A public method that sets a pixel at index (row, col) (1D transposed) using the provided px argument. (e.g. pixels[index] = px). In other words, it finds the index of the pixel in your vector, and changes it to the new one provided.

Invert

Inverts all pixels i.e. set every pixel color equal to max_intensity - r/g/b, respectively. This should update the vector of pixels. Simply loop through your vector of Pixels and update the color values accordingly.

Flip X

Flips all pixels around the x-axis. The general idea here is to examine two rows simultaneously. So we look at every pixel in the top row and swap each pixel with the corresponding pixel in the bottom row, and then we jump to the next set of rows after we've finished one.
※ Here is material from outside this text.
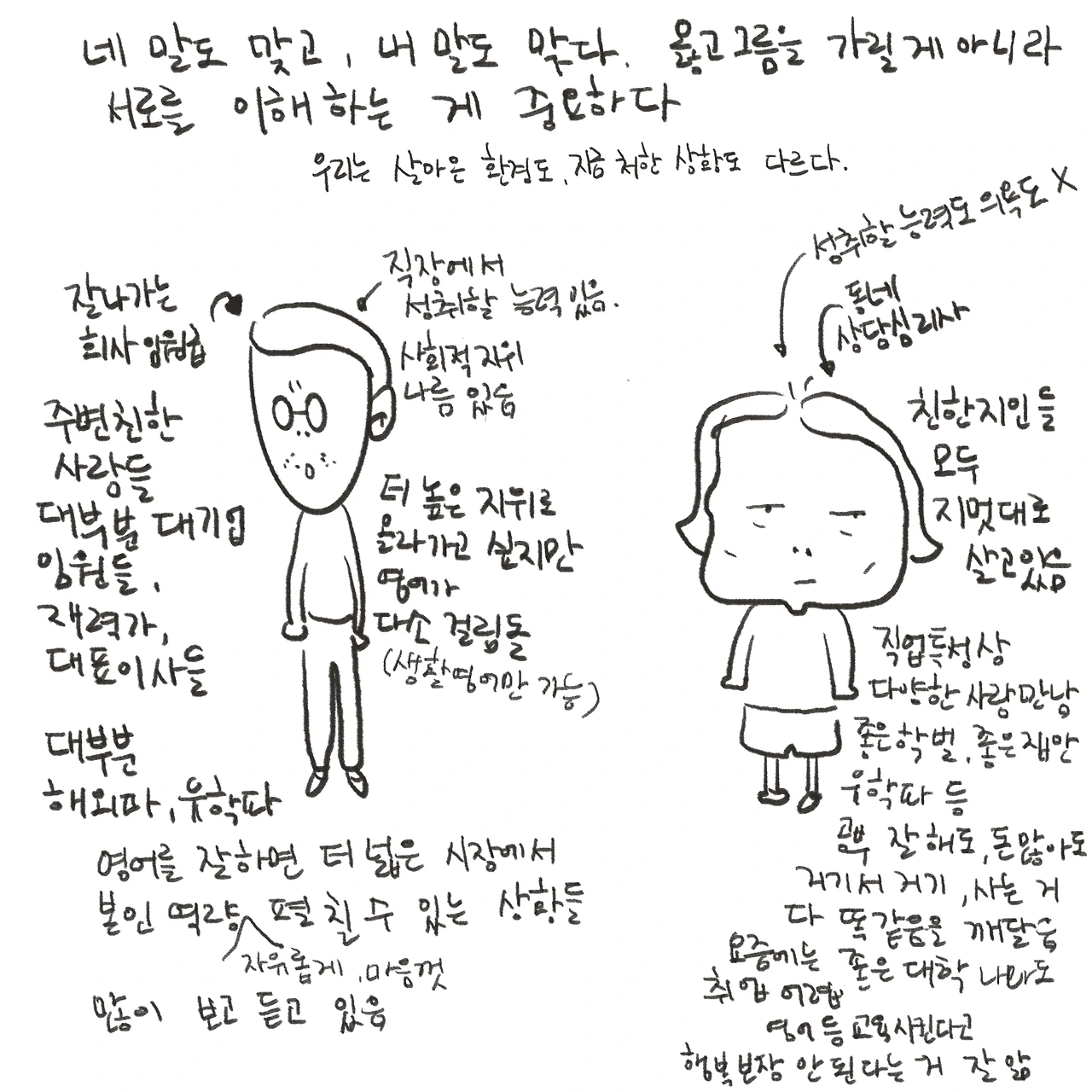 결혼하고 나서 알았다. 이렇게 사사건건 의견이 대립할 수 있다는 것을. 성장 배경이나 현재 처한 환경이 다르기에 당연하겠지만 꽤 피곤한 일이다. 연애 때는 서로 간의 애정도를 의심하느라 갈등이 생긴다면 결혼 후에는 가치관 충돌로 갈등이 생긴다. 특히 아이를 키우고, 부모님을 모시는 경우에 더욱 그렇다. 내가 아이를 대하는 방식, 집안일, 바깥일을 대하는 방식이 배우자와 같지 않다면, 그리고 서로 자기 방식이 옳다고 주장한다면 그 갈등은 해결되지 않는다.

You'll need two nested loops to do this. The outer loop will iterate over the rows, and the inner loop will iterate over the columns. You'll need to do some arithmetic to figure out which pixels to swap, but it's not too hard.

Flip Y

This will be almost exactly like your flip_x() method, except you'll swap the roles of your nested loops, and you'll replace the concept of top/bottom with left/right. This should be easy enough to do if you've already done flip_x(), so I will leave it at this.

Read Input

This part isn't hard, but a lot of students seem to be confused about what is going on with read_input() here, so I will try to explain it to the best of my ability. All this method does is read the input of either

  • a .ppm file

OR

  • Standard input, e.g. stdin, e.g. your keyboard -- like we've done most of the semester.

The tricky part is that it can read either of those. We determine which of those we are reading from in main from the arguments passed through argv[].
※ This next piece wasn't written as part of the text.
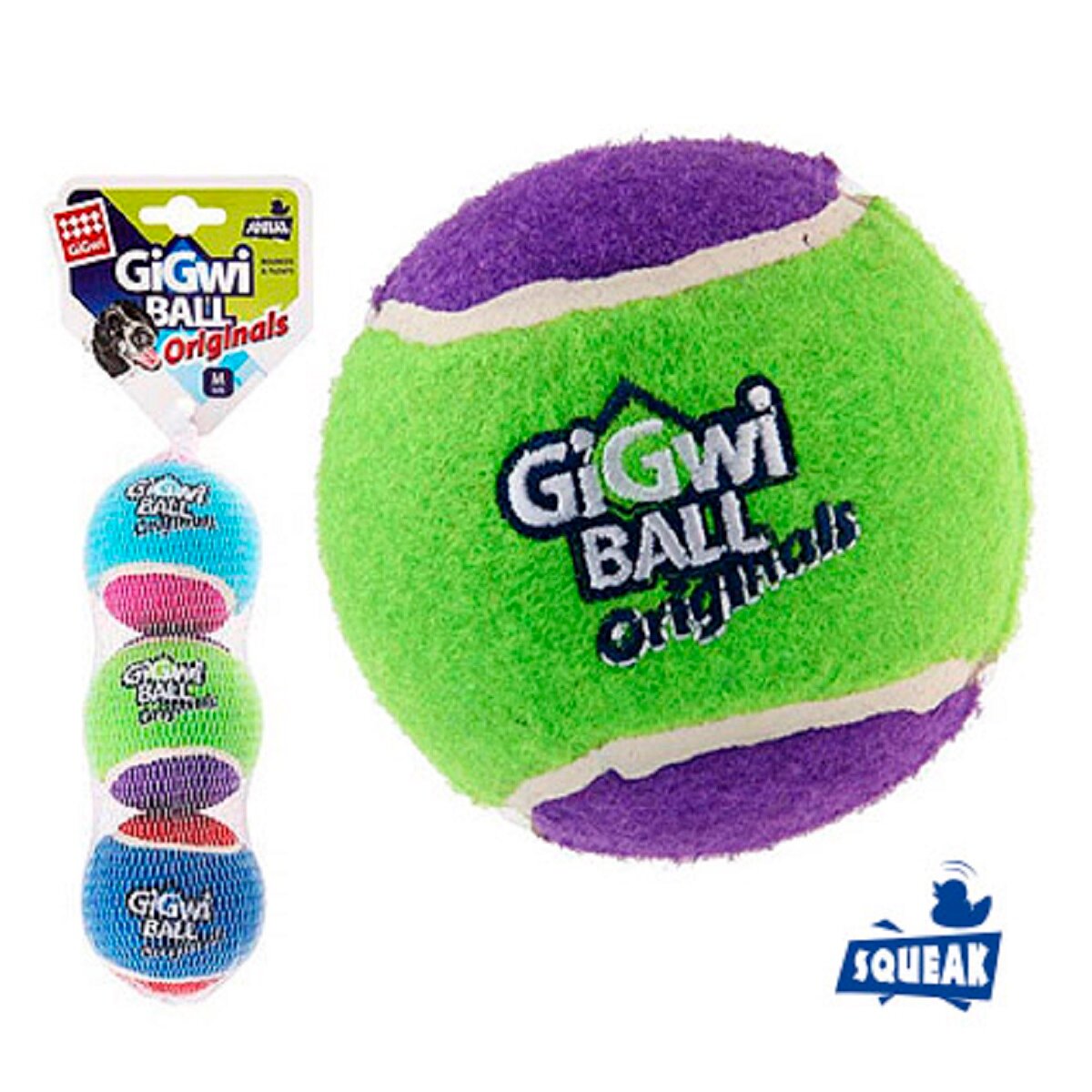 GiGwi 75338 Три мяча с пищалкой 6,3см- игрушка для собак (теннисная резина), серия GiGwi BALL Originals 1/48

The read_input() method itself will have no difference in implementation whether or not we are reading from a file or from stdin. This is because the argument it takes is of type istream, which is any general-purpose input stream. Both ifstream, and cin are derived from istream, so we can pass either of those into read_input() and it will work. No matter what, we will be using the in function argument to read once you're in the method from the following example

example

bool read_input(istream& in) {
in >> stuff; // this would be the same as cin >> stuff, or fin >> stuff
}

int main() {
// passing file input stream to read_input()
ifstream fin("file.txt");
read_input(fin);

// passing standard input stream to read input()
read_input(cin);
}

Deciding which to use

In main, we will be using argc and argv to determine whether or not we are reading from a file or from stdin. Here is the argument format

./ppm <INPUT> <OUTPUT> <MANIPULATION>
  • INPUT is the name of the input file (e.g. file.ppm), OR it's a dash (-) if we are reading from stdin.
  • OUTPUT is the name of the output file (e.g. file.ppm), OR it's a dash (-) if we are writing to stdout (using cout).
  • MANIPULATION is the only optional argument and is the one-letter representation for the manipulation we want to do. This can be any of the following: It can be X for flip_x, Y for flip_y, or I for invert. If no argument is specified, then you won't modify the image at all.

Reading

There are a ton of ways to do this. The meta content e.g. the header will always be in the same format, so you can read that fairly simply. Just like the last few labs, using a mixture of stringstream and getline is my recommendation, but there are other ways.